Consider the debate in the late 1970s that led to the Bayh-Dole act. As we noted, the argument that carried the day was that patents were required if inventions, already achieved under federal funding, were to be developed and commercialized. That is a development and commercialization theory argument with a touch of disclosure theory. We have argued that the particular version the development and commercialization theory put forth most vigorously in these debates—that companies would not develop an invention unless they had a patent on it—probably was not widely relevant. But Bayh-Dole undoubtedly has led to a substantial increase in university entrepreneurial activity. Whether that is good or bad is a complicated question. However, the evaluation of Bayh-Dole, like the arguments that lay behind its genesis, must be cast in terms of all four theories.
The same is true of the issue of patenting the codes on gene fragments
identified in the human genome project.

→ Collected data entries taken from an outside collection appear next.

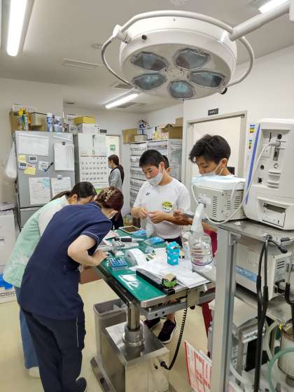右京動物病院での体験の様子です。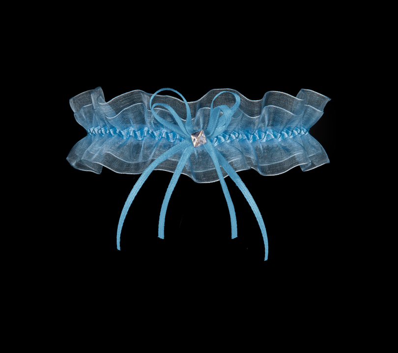 Niebieska podwiązka wykonana z delikatnego podwójnego szyfonu. Ozdobiona satynową kokardką z połyskującym koralikiem. Wewnętrzna strona podszyta silikonem. Skład 90% poliamid, 10% elastan.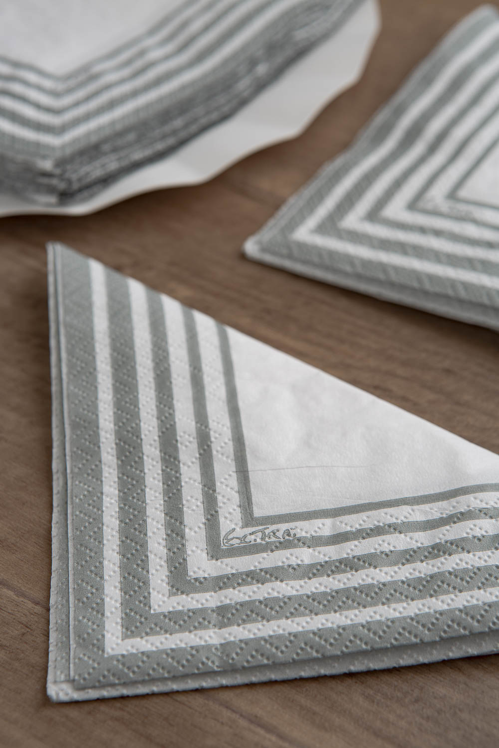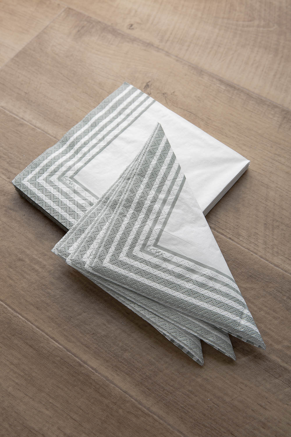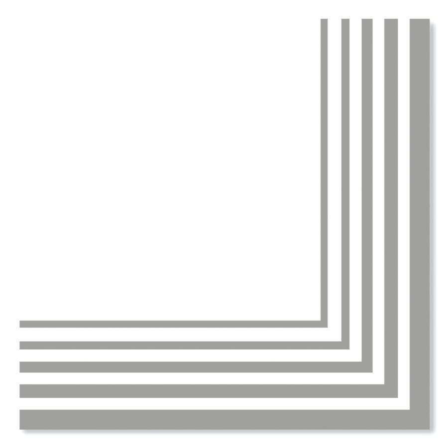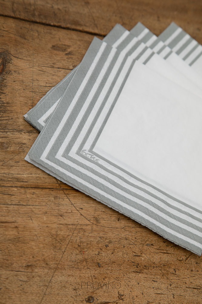 Tovagliolo in pura cellulosa compostabile 2 veli,33 x 33 cm, Made in EU, fondo bianco e righe colore grigio, Certificato OK COMPOST- TUV.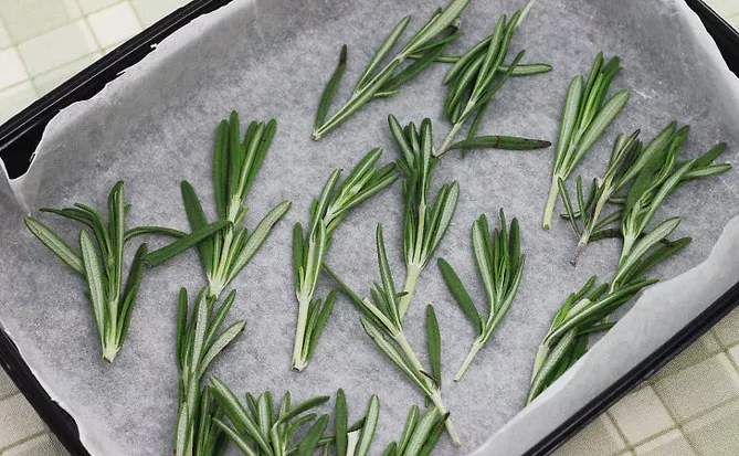 Розмарин можно сушить в подвешенном состоянии, предварительно связав пучки из нескольких стеблей. Помещение должно быть теплым, хорошо проветриваемым. Для «принудительной» сушки в сушильных приборах следует помнить, что температура не должна превышать 35 °C.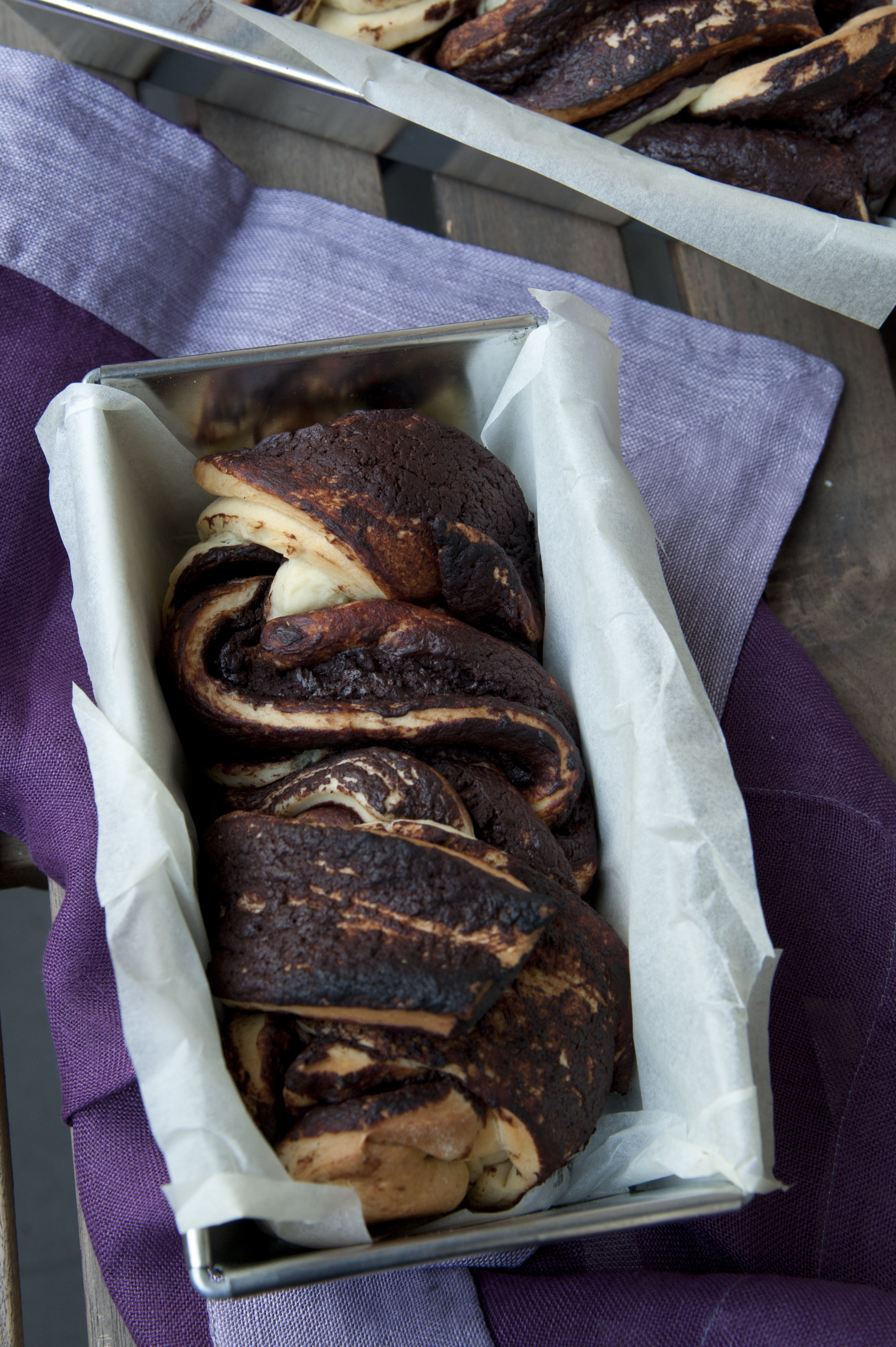 Sciogliere il lievito nel latte intiepidito. Aggiungere il composto alla farina e impastare brevemente. Aggiungere l’olio, l’uovo, lo zucchero e impastare ancora. Deve risultare un impasto liscio ed elastico, quindi se è necessario, aggiungere altra farina. Infine aggiungere il sale. Porre in una ciotola capiente infarinata, coprire con un canovaccio e lasciar lievitare da 60 a 90 minuti. Fondere il cioccolato in un piccolo tegame insieme al caffè. Stendere l’impasto in una sfoglia sottile 4 mm e dividerla in due rettangoli. Spennellare i rettangoli con il cioccolato tiepido (io ho esagerato, avrei dovuto usare meno cioccolato) e arrotolare ciascuna sfoglia per il senso della lunghezza. Foderare due stampi da plumcake con della carta forno. Tagliare i due rotoli a metà nel senso della lunghezza e intrecciarli lasciando le parti aperte verso l’alto. Intrecciare tra loro i due mezzi rotoli e porli delicatamente ognuno in uno stampo. Infornare a 180° per 30-40 minuti. Lasciar raffreddare e servire dopo aver lasciato passare qualche ora.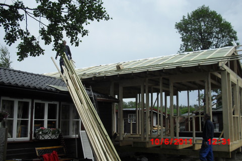Første vegg er på plass og noen har kanskje også observert at vi har fått besøk av Torhild og Tor (Tayana). Synd vi hadde det så travelt denne gangen, men vi får gjøre det godt igjen siden, når bygget er ferdigstilt.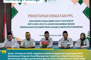 Gara Zawa 23/02/2026 Penutupan PPL Mahasiswa Manajemen Zakat dan Wakaf serta Penandatanganan MoU UIN Kiai Ageng Muhammad Besari dengan Kemenag Ponorogo Ponorogo – Senin, 23 Februari 2026 – Kegiatan Praktik Pengalaman Lapangan (PPL) Mahasiswa Program Studi…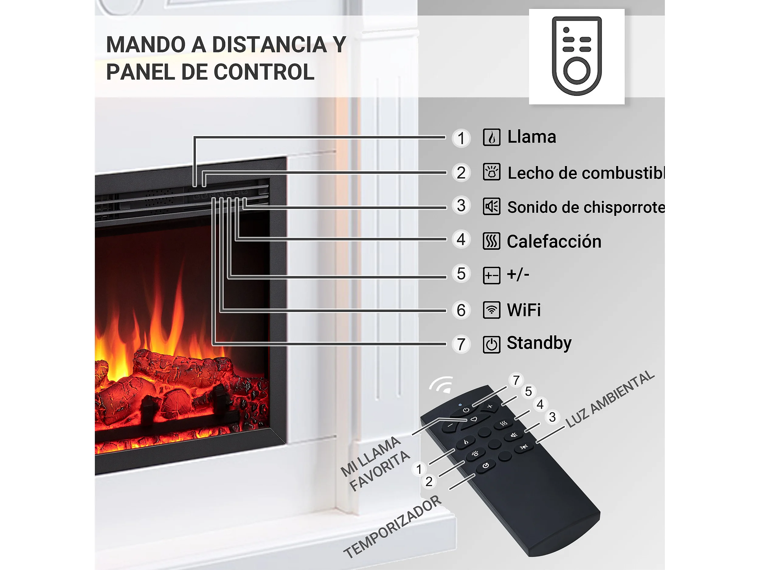 Lareira elétrica BALDERIA Hikaru - Lareira de chão - Branca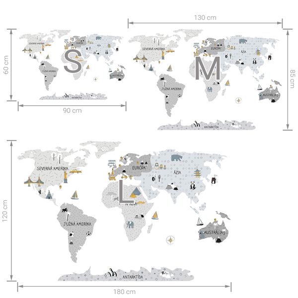 Pastelowe Love стикери за стена Карта на света в сив цвят (на словенски)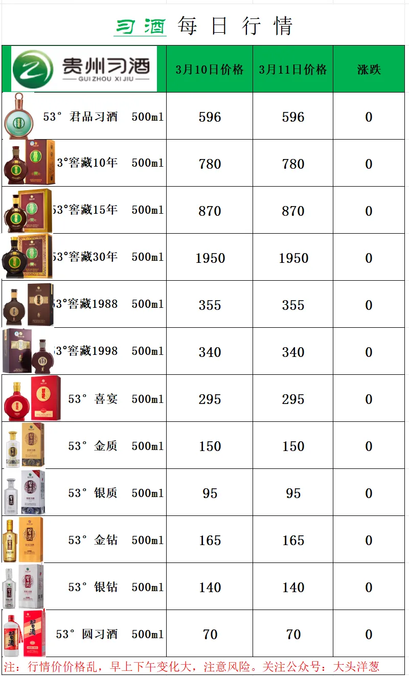 3月11日更新,茅台行情及一线回收参考价格汇总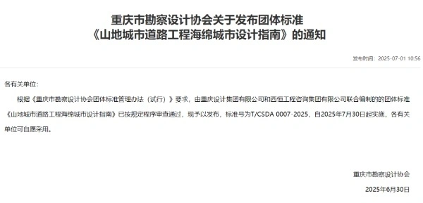 由重慶設(shè)計(jì)集團(tuán)有限公司市政設(shè)計(jì)研究院主編的《山地城市道路工程海綿城市設(shè)計(jì)指南》于2025年7月30日起實(shí)施。主要內(nèi)容涵蓋道路海綿指標(biāo)的確定、計(jì)算方法、設(shè)施布局、設(shè)施設(shè)計(jì)及植物配置等關(guān)鍵環(huán)節(jié),并針對當(dāng)前道路海綿城市建設(shè)中存在的海綿指標(biāo)界定不清、設(shè)施計(jì)算不規(guī)范、滯留帶收水效率低及植物景觀效果欠佳等問題提出了差異化解決方案,兼具適用性和可操作性。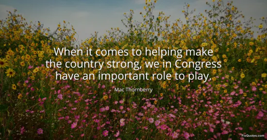 A politician doesn’t say “we’ll make the country strong”; he says “when it comes to helping make the country strong,” and instantly the real work begins in the prepositional haze. Mac Thornberry’s line is classic institutional self-justification: a modest-sounding claim that quietly insists on relevance. “Helping” lowers the bar from responsibility to participation, while still allowing Congress to take credit for any outcome. “Strong” is the most elastic word in American political vocabulary, a catch-all that can mean military readiness, economic growth, border control, social cohesion, or simply the feeling that the right people are in charge. That ambiguity isn’t a flaw; it’s the feature that lets the sentence travel across committees, cable hits, and press releases without ever being pinned down.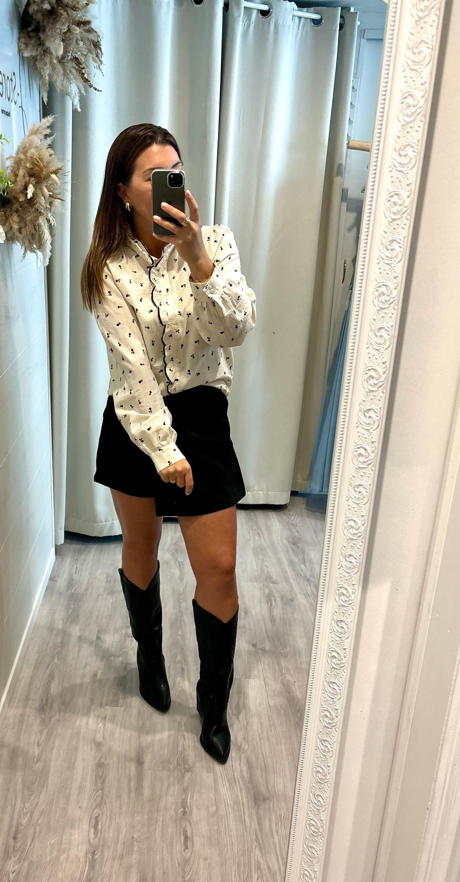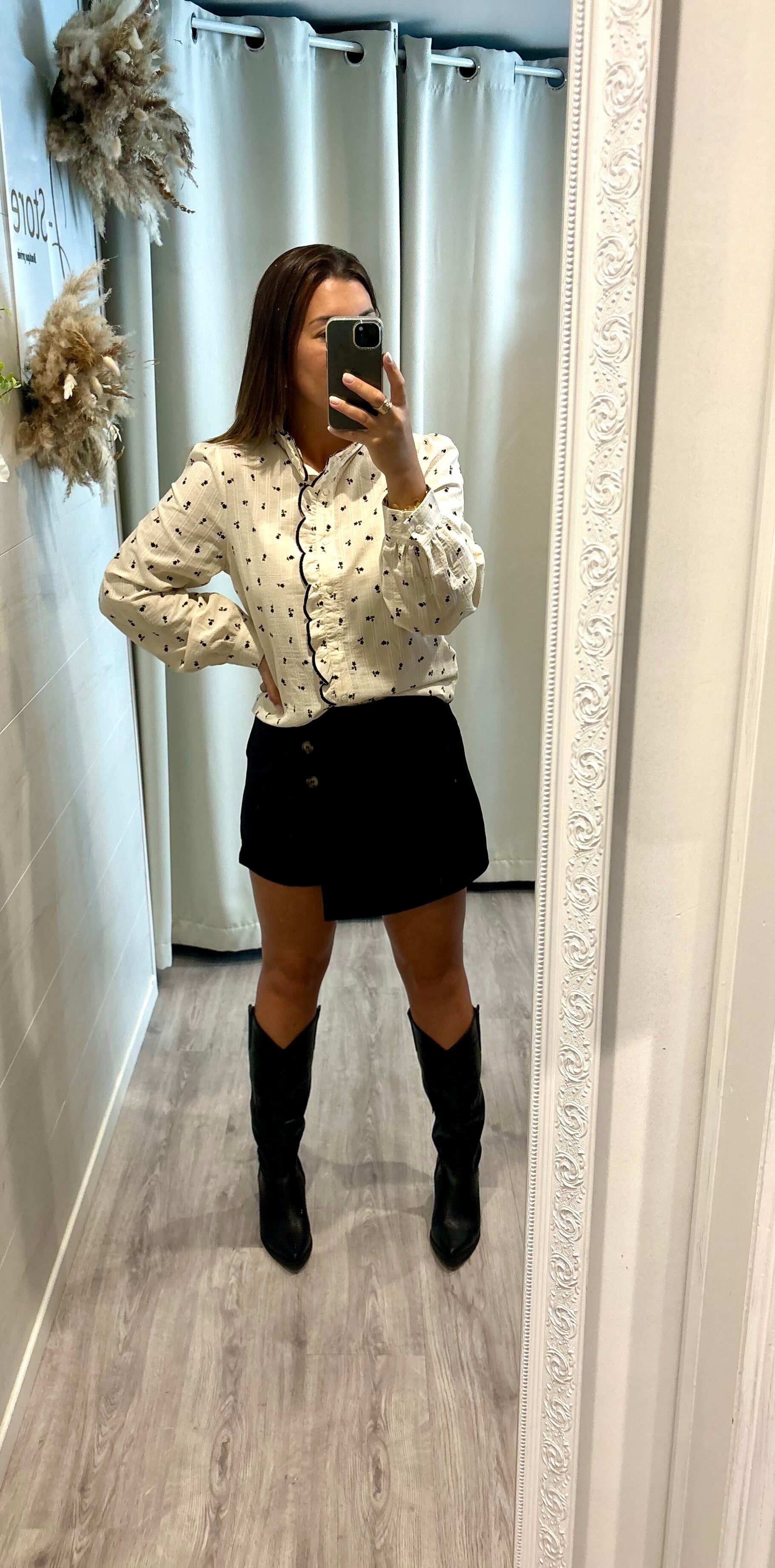 Craquez pour notre chemisier noir et blanc style écolière, une pièce qui mêle fraîcheur et élégance. Avec son contraste raffiné et ses détails soignés, il insuffle une touche de jeunesse tout en restant résolument tendance.

Here, too, at least in the early days of the discussion, the issue was not that the prospect of a patent was needed to get the research work done; the research work was being funded by government. Rather, it was felt that patents on the coded gene fragments were needed if companies were to be induced to take that information and use it to achieve commercial products. That is, the arguments were those of the development and commercialization theory and perhaps the prospect-development theory.
As matters have turned out, the belief that codes for gene fragments will be patentable has led to the birth of private for-profit firms, whose business is to discover the codes, in anticipation of profiting from licensing to larger companies that would take on the development work. Interestingly, several large pharmaceutical companies have argued that gene fragments should not be patented, but rather that their identified codings should be in the public domain. Their case is that progress from coded gene fragments to useful final products will cost more if gene-fragment codes are patented than if they are in the public domain. They are essentially arguing that the standard version of the development and commercialization theory has it backwards. And several of these companies are supporting research to identify gene codes, on the condition that the information be put in the public domain. The public-policy issues here are very complex.
The issues surrounding Bayh-Dole and gene fragments differ in important ways but they also have important common elements and raise common questions. Perhaps the most basic question that they raise is whether the presence or prospect of patents stimulates or interferes with technical advance in a field. Obviously, it does not under the invention-inducement theory. But under a more complex theory, the answer is not always apparent. The appropriate domain of patents is badly in need of open examination today. The argument that strong intellectual property rights in a field can smother technical progress is, of course, connected to assumptions about several of the context conditions discussed earlier. To understand better whether our current patent policies help or hinder the achievement of our societal objectives, we need to examine those assumptions rigorously.
The following three questions are put forward as possible starting points for inquiry: In what fields of technology are technical advances so strongly connected to one another, either temporally or in a system of use, that effective inventing today requires access to prior inventions? What are the fields of inventing in which progress generally requires the effective interaction of a number of different organizations? Do patents in fact contribute to or hinder the access and cooperation needed for technical advance in such contexts? As indicated earlier, little empirical research has been aimed at this cluster of questions. Our lack of knowledge limits our ability to analyze intelligently the current pressing issues of patent reform.